The key benefit of being responsible for every part of your product is that you're not paying for anyone else's mistakes. This approach, however, loses proponents because the increasing complexity of the industry makes us take advantage of numerous remote services and third-party solutions.
You may have heard of the recent Amazon servers downtime that caused the outage of many services from huge websites to everyday smart home devices. That is why flespi development philosophy implies the minimum number of open source libraries and internal development of most software components. And as we expect flespi to become the key backend component for many IoT applications, we are fully prepared to meet high demand of the market and guarantee 99.9% platform availability.
Check out flespi service & pricing plan including Service Level Agreement (SLA)
OK, so how do we determine system uptime and how will it affect our clients?
Several remote servers with testing nodes are working separately in different data centers. Each node performs a full gateway and platform functionality test every 60 seconds. The test goes as follows:
- check network state (to avoid the situation when flespi is up but the testing node has no Internet connection);
- read remote channel information (to verify REST API functioning);
- establish a TCP connection to a channel's URL, identify it, and send messages to the channel (to emulate device connection);
- send a command to the established connection and verify its reception on the opened connection (also check that the command moved from the queue to the list of executed commands);
- receive all posted messages from the channels' queue and verify their contents and quantity (to verify messages availability).

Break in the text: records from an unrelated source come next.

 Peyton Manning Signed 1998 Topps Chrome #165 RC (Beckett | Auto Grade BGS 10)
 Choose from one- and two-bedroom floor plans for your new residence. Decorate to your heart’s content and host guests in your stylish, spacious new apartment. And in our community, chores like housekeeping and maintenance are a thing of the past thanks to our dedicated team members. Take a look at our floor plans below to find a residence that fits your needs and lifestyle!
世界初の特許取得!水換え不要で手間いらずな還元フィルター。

The test fails even if only one of its components (1 to 5 above) fails or if 10 seconds have elapsed from the very first operation in the test cycle. In such case the node repeats the test every 10 seconds until successful and generates a report to the central hub. At the moment, if all the nodes detect downtime, the central hub alerts the Telegram group of our Site Reliability Engineer (BTW, he set Imperial March as the alert tone for this group, so a couple of downtimes sounded really ominous).
At the same time the central hub posts automatic downtime start/end reports to flespi NOC Telegram channel to keep our users informed and prepared to possible questions from their customers.

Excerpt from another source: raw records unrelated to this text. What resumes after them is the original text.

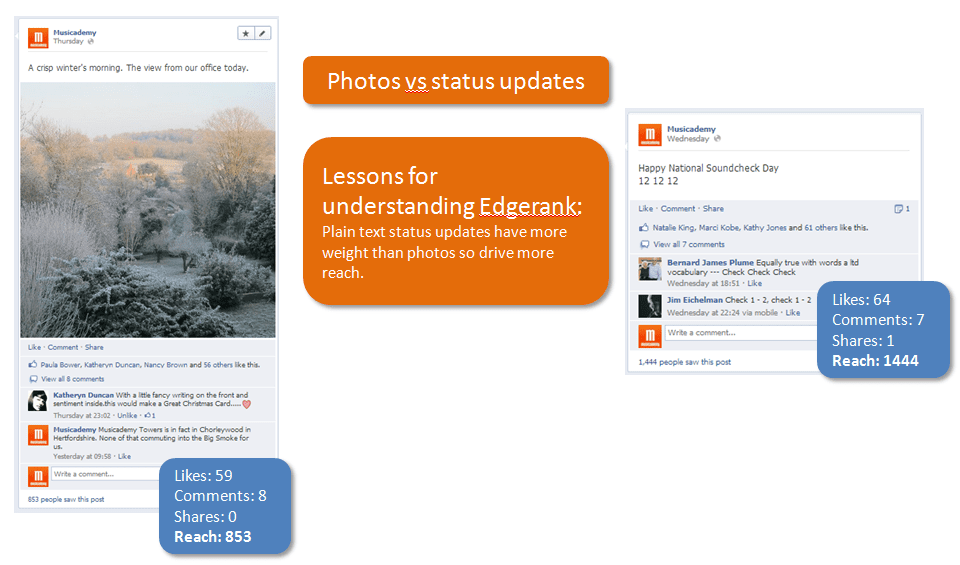 Photos used to enjoy considerable Edgerank weight. Facebook used to reward brands posting images with a high Edgerank score. As brands we got wise to that so many of us were rarely posting a link, question, comment any other content without the accompanying photo. In short we were gaming the system.
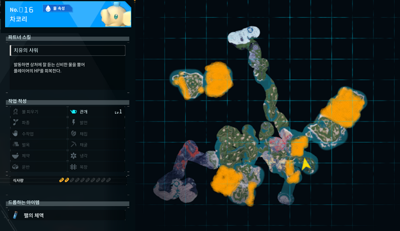 16번 팰은 차코리 물속성 팰이다. 팰의 체액을 얻기 위해서 조금 잡기는 했으나 거점에서는 보기 힘든 친구이다. 관개가 1개 붙긴 하지만 관개 2레벨 짜리도 많아서 작고 귀여운 차코리는 쓸 일이 없다. 다만 파트너 스킬로 치유를 가지고 있어서 어려움 난이도를 깰 때는 상용해보고 싶기는 하다. 지금은 쉬움 난이도라 안아프니 말이다.
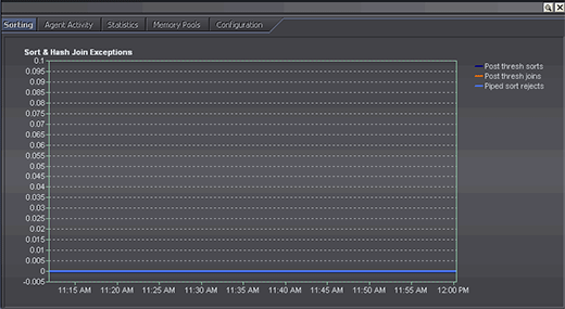 The Sort & Hash Join Exceptions graph tracks the total number of sort and hash joins that operated in less than optimal environments in the database during consecutive monitoring intervals. These sort and hash joins, known as exceptions, are likely to impact sort performance negatively. The totals are shown in the following series:

As of May 2017, monthly platform uptime amounted to 99.95% with short downtime periods caused by intensive non-stop development work. Needless to say that every tiny occurrence of a downtime becomes the subject of our thorough internal investigation aimed at finding the root cause and preventing it from happening again.
At the end of each month the testing nodes hub consolidates the reports from all the nodes and determines common verified downtime periods — the time when all the testing nodes reported a downtime. The result in percent is reflected in the billing system. Now, according to the newly introduced Service Level Agreement the user’s monthly fee will be automatically reduced (by up to 70% for an uptime lower than 98% for Premium SLA) if we don't deliver the promised "three nines" of High Availability.
We declare our High Availability promise with confidence and guarantee a partial refund of a monthly fee if the system uptime drops below the minimum acceptable level for your SLA. This way we want to show appreciation of our customers, treat them fairly and own our share of responsibility.
Our goal is to equip your business with a failure-proof toolkit that will help you maximize profits and build trustworthiness among clients. And since flespi is destined to be at the heart of your operations, we’ll take your troubles personally and will go an extra mile to live up to your expectations. Let’s boost your business with flespi!